Lauwer-stryt
(1665)–Catharina Questiers, Cornelia van der Veer– Auteursrechtvrij
[Folio *7v]
| |
Paradoxon.TWee, die natuur niet heeft ghewapent tot den strijdt,
Wiens weereloose kracht geen krijghs-geweldt en lijdt,
Zijn noch, natuur ten spijt, tot een Twee strijdt getreden.
d'Eelmoedi'ge Van der Veer vol dapperheydts, vol viers,
Heeft met de wijdt-beroemd' en schrand're Questiers
Om d'onverwelckb're krans van Lauwer-lof gestreden.
Men noem' dan nooyt een Maeght, een moedt en weerloos dier,
Schoon haar de kracht ontbreeckt van 't taey en vleessigh spier,
| |
[Folio *8r]
| |
Haer leden teer en niet tot worst'len zijn geboren.
Geen harnas spant haer borst, haer handen vult geen speer,
Haer hooft deckt geen helmet: dit alles is haer Veer,
Die sy voor speer, helmet, en harnas heeft verkoren.
Hoewel natuur haer heeft de waepenen verboon;
Den Hemel heeft haer niet gheweyghert wijsheyts-kroon;
En laet haer dapperheyt, en wijs beleydt versellen:
En noodt haer op 't banket van alle wetenschap;
Schenckt haer een vlugge Veer, en maeckt haer geesten rap.
Met sulck een tuygh omgordt kan sy haer vyandt vellen.
Daer meed' heeft Van der Veer manhaftigh sich geweert,
En 't stormen van Questiers kloeckmoedigh afgekeert,
Tot dat zy en Questiers vewinninghs-lof behaelden.

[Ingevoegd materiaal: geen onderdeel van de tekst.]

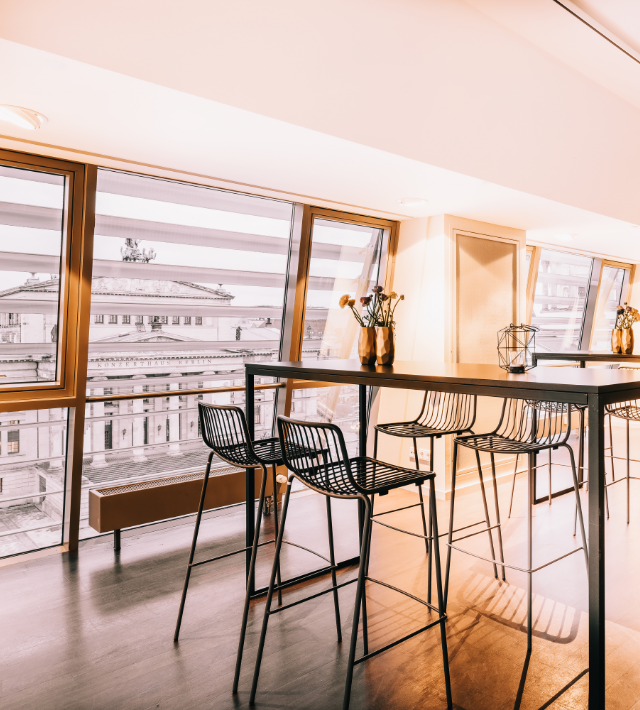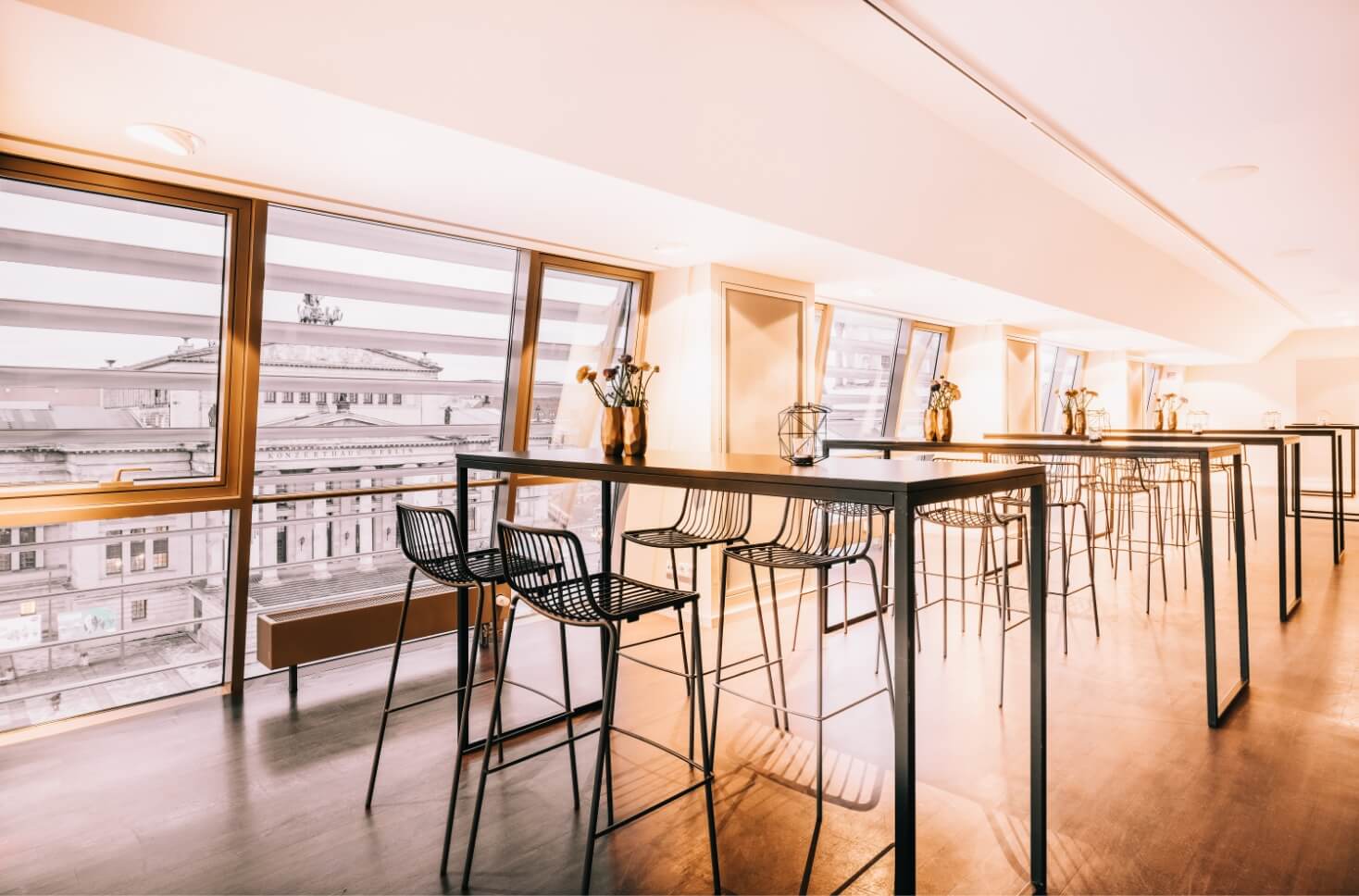 Stilvolle, wandelbare Räume für Firmenevents mit erstklassigem Catering und beeindruckendem Stadtblick.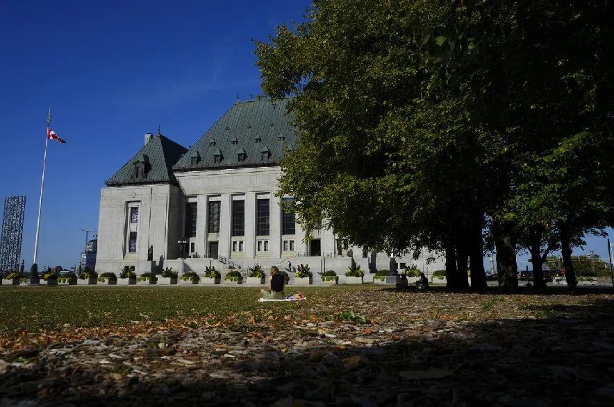 People take a break on the front lawn of the Supreme Court of Canada in Ottawa on Monday, Oct. 6, 2025. THE CANADIAN PRESS/Sean Kilpatrick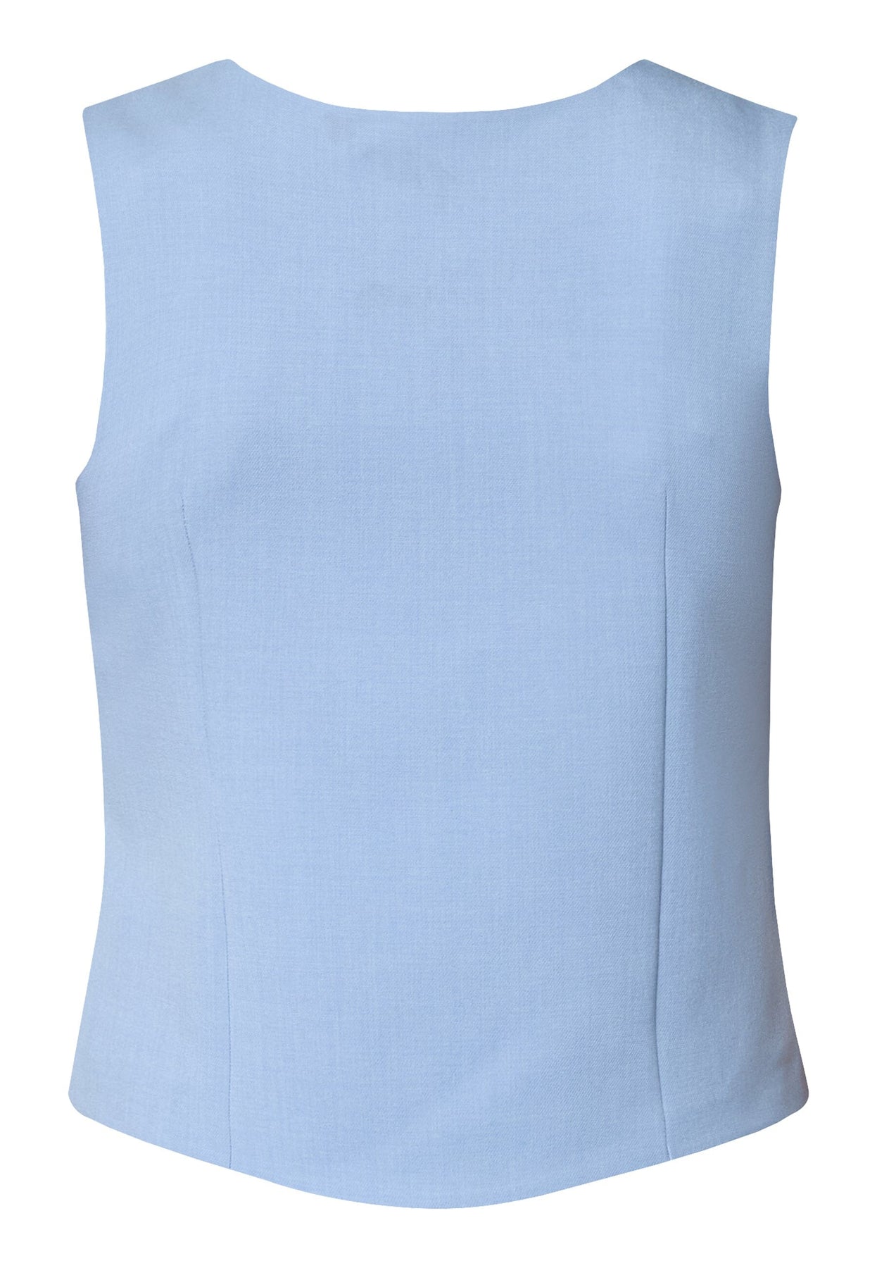 Un gilet bleu clair de Sisters Point avec fermeture asymétrique à boutons et encolure en V. Le gilet possède six boutons sur le devant et deux poches décoratives.

O wond're Twee-strijdt! daer den een den and'ren sloegh,
En, die verslagen wierdt, met reght het teecken droegh,
Van d'overwinningh; en zy beyde zeghepraelden.
| |
[Folio *8v]
| |
Juycht Amstels Burgery! Roemt vry op dapperheydt;
Die blood' schijnt onder u heeft sigh ten strijdt bereyt:
Uw' Maeghden vol van moedt sijn onverwinkb're helden:
Brenght voort haer zege-koets; en pluckt een Lauwer-telg;
Spant in het moedig Ros: geen eeuw haer lof verdelg
Sy klinck door Stadt, en Dorp, en vleck, en bosch, en velden.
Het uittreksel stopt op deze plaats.